Management Discussion
- Net income totaled $48.2 million in 2023, down by 33% from the $71.7 million reported in 2022. Results in 2023 were impacted by steep increases in market interest rates and declines in wealth management and mortgage banking revenues.
- The decline in net interest income in 2023 was driven by increased funding costs, which offset the benefit of higher yields on, and growth in, average interest-earning asset balances. The decline in noninterest income reflected lower wealth management asset-based revenues and lower average AUA balances, attributable to client asset outflows concentrated in the fourth quarter of 2022. The decline in noninterest income also reflected lower mortgage banking revenues, as higher market interest rates have dampened mortgage activity. The provision for credit losses reflected loan growth and slowdown of loan prepayment speeds, changes in asset and credit quality, and reflected our estimate of forecasted economic conditions. The increase in noninterest expenses reflected higher FDIC deposit insurance costs and increases in various categories of noninterest expenses, partially offset by a decrease in salaries and employee benefits.
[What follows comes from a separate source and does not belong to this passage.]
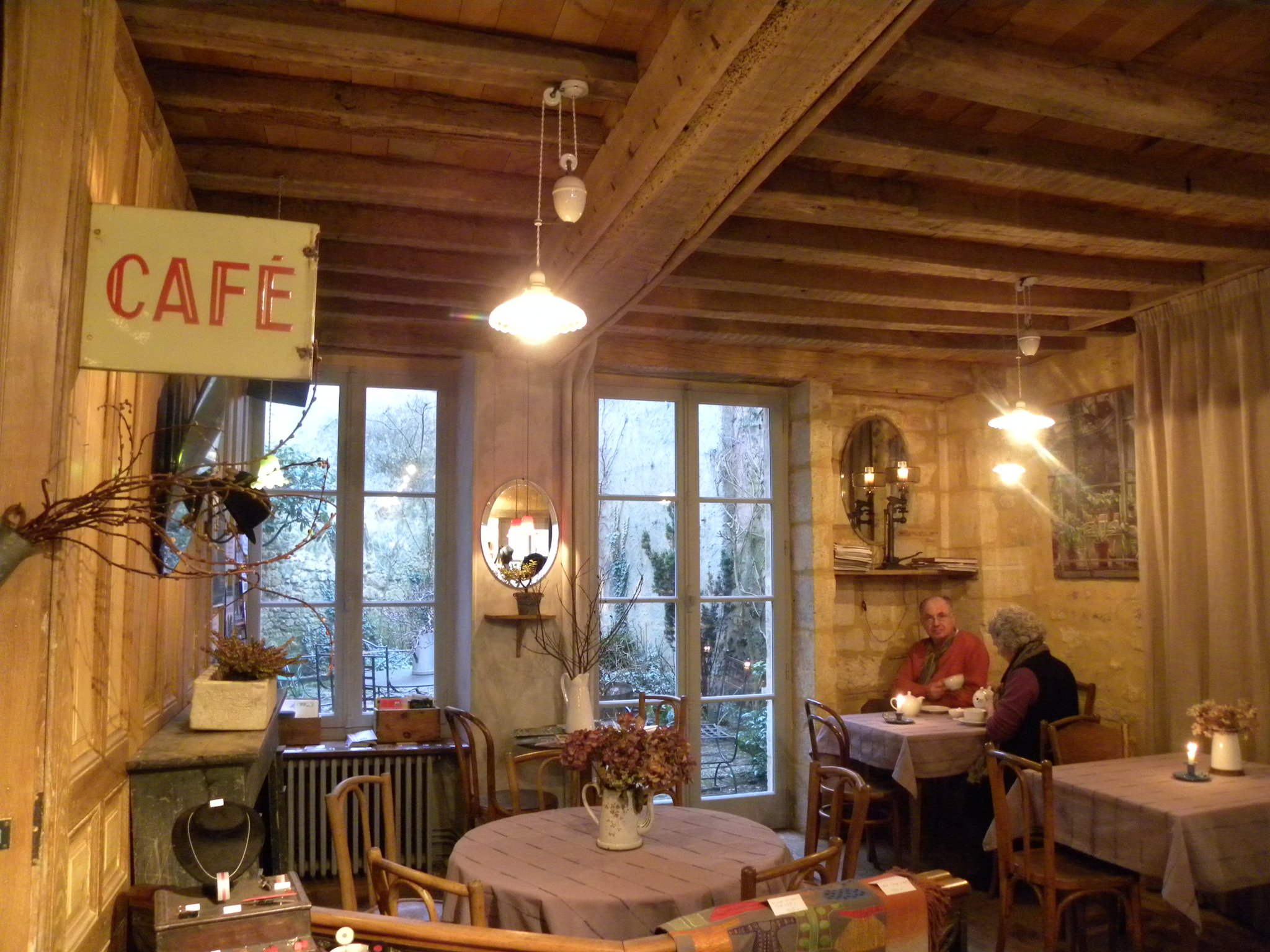 Cette ravissante boutique vous propose un coin buvette (jus de fruits et café), ou vous pourrez passer un agréable moment de détente. Profitez de sa terrasse typique, dès les beaux jours, située dans la cour intérieure, au pied des remparts de Bellême. Expositions temporaires, vente de créations artisanales et d'objets d'art.
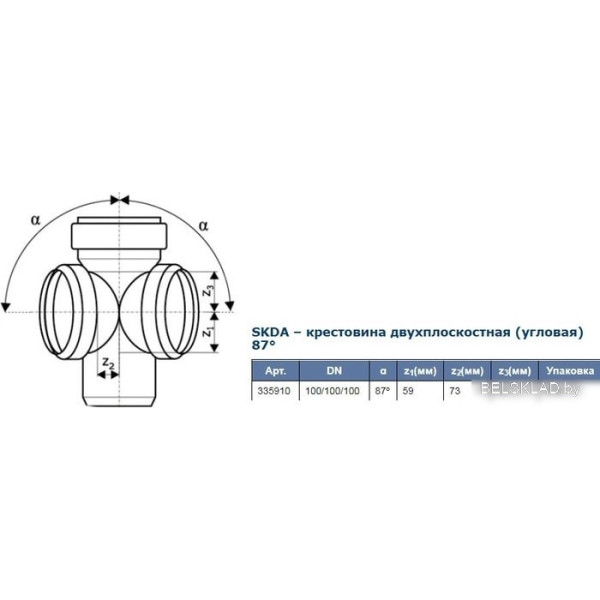 Ostendorf Skolan dB SKDA – крестовина двухплоскостная 100x87° 335910 - фитинг (крестовина двухплоскостная), ПП, типоразмер 100, белый. Оригинальный Ostendorf от производителя подтверждённый сертификатом соответствия.

Income tax expense declined in 2023, largely reflecting a lower level of pre-tax income and a net $3.3 million reduction of income tax expense resulting from the revaluation of the Corporation’s net deferred tax assets.
- Net interest income, the primary source of our operating income, totaled $137.1 million and $156.0 million, respectively, for 2023 and 2022. Net interest income is affected by the level of and changes in interest rates, and changes in the amount and composition of interest-earning assets and interest-bearing liabilities. Prepayment penalty income associated with loan payoffs is included in net interest income.